To do so, she and Rebecca G. Nowak, PhD, MPH; and Patti E. Gravitt, PhD, MS, analyzed hysterectomy prevalence and cervical cancer incidence from 2000 to 2009. In this analysis, estimating cervical cancer rates only among women with a cervix, the rates of disease in older women and black women were much higher than previously reported. Overall incidence rates were 11.7 cases per 100,000 women before correcting for hysterectomies, compared with 18.6 per 100,000 after correction.

 

In addition, previous reports showed that the incidence peaks at age 40 to 44 (15.6 cases per 100,000 women) and then levels off.

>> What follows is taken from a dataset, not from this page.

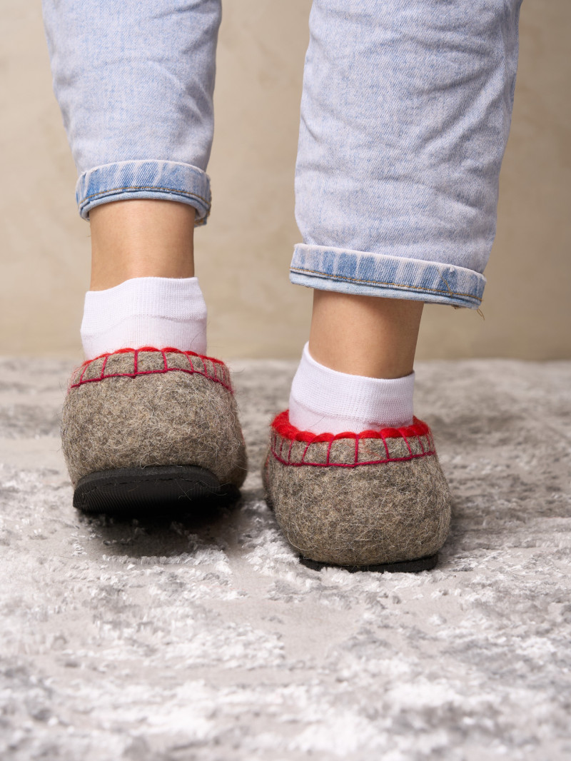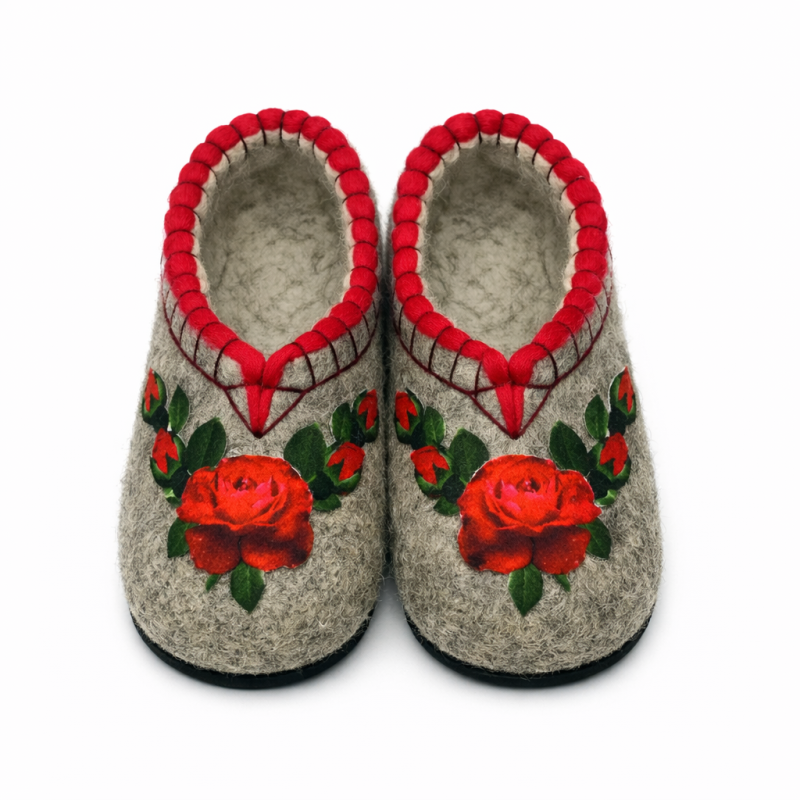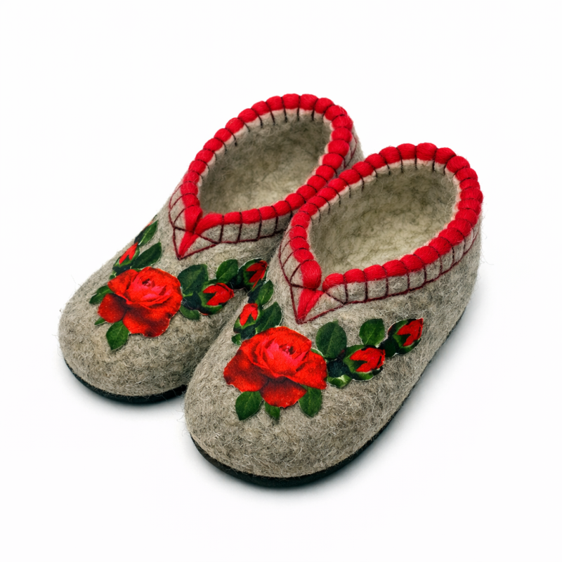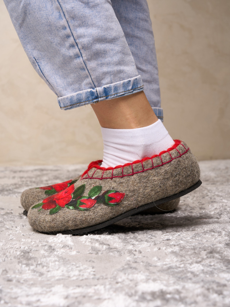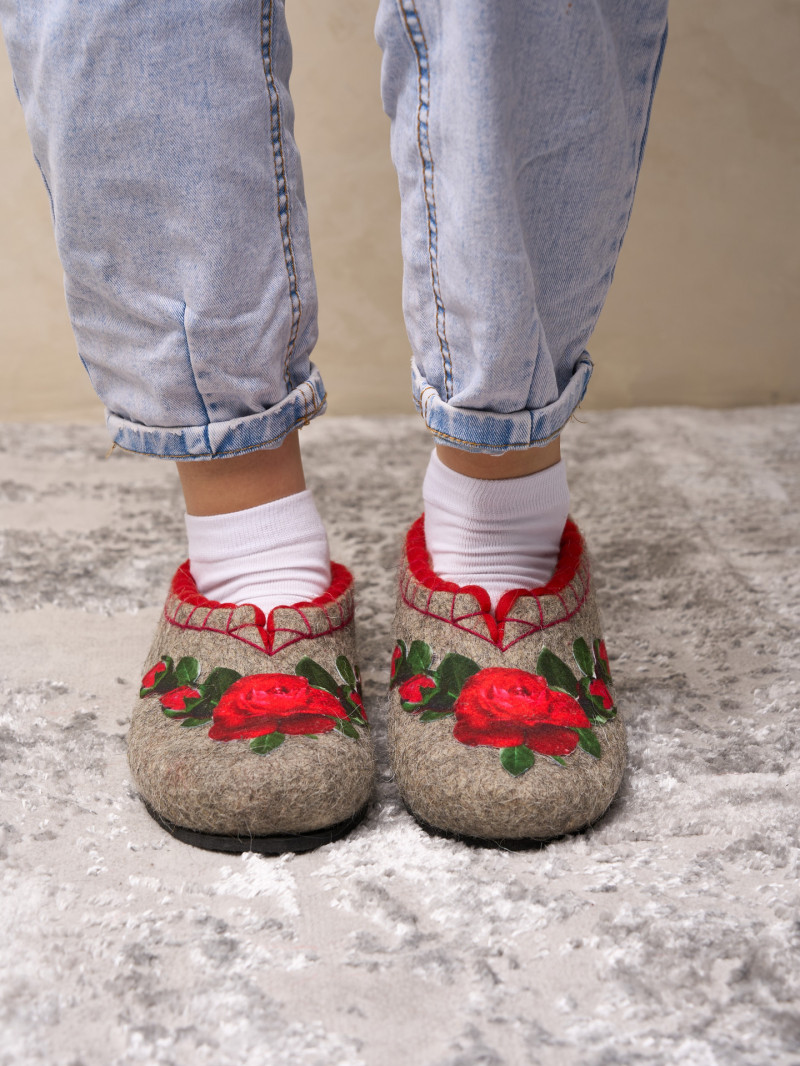 Тапочки женские "Красные розы" изготовлены из 100% овечьей шерсти. Шерсть улучшает циркуляцию крови в ногах, снимает усталость и тяжесть. Ноги в тапочках никогда не потеют. Тапочки отлично поддерживают температурный режим, летом в них не будет жарко, а зимой холодно. А яркие рисунки, сделанные вручную нашими дизайнерами будут радовать зимними вечерами. Советуем выбирать тапочки размер в размер с повседневной обувью. Также мы можем вам предложить к данным тапочкам подошву из микропоры, с ним изделие прослужит 2-3 раза дольше. Оплатить ваш заказ вы можете при получении в курьерских службах СДЭК и Boxberry. При выборе способа доставки "Почта России" оплата заказа производится на сайте. Срок возврата товара надлежащего качества составляет 14 дней с момента получения товара. материал: натуральная шерсть температурный диапазон: от -40 до 0 градусов способ изготовления: ручная работа особенности модели: дышащий материал сезон: зима

But after correcting for hysterectomy, the incidence continued to increase with age, peaking at a higher rate (27.4 cases per 100,000 women) and at an older age (65 to 69).

 

The effect was most pronounced among black women, given their higher prevalence of hysterectomy than white women.

 

The authors note that their findings should be considered when setting national guidelines for the appropriate age to stop screening for cervical cancer: "Current guidelines recommend exiting women with recent negative screening from routine screening at age 65 years, and yet our corrected calculations show that women just past this age have the highest rate of cervical cancer.

 

It will be important to clarify in future studies whether the continued increase in cancer rates with age and the higher rates in black women represent a failure in our screening programs or a failure of the women to be screened, so that appropriate interventions can be developed to reduce the burden of cancer in these women."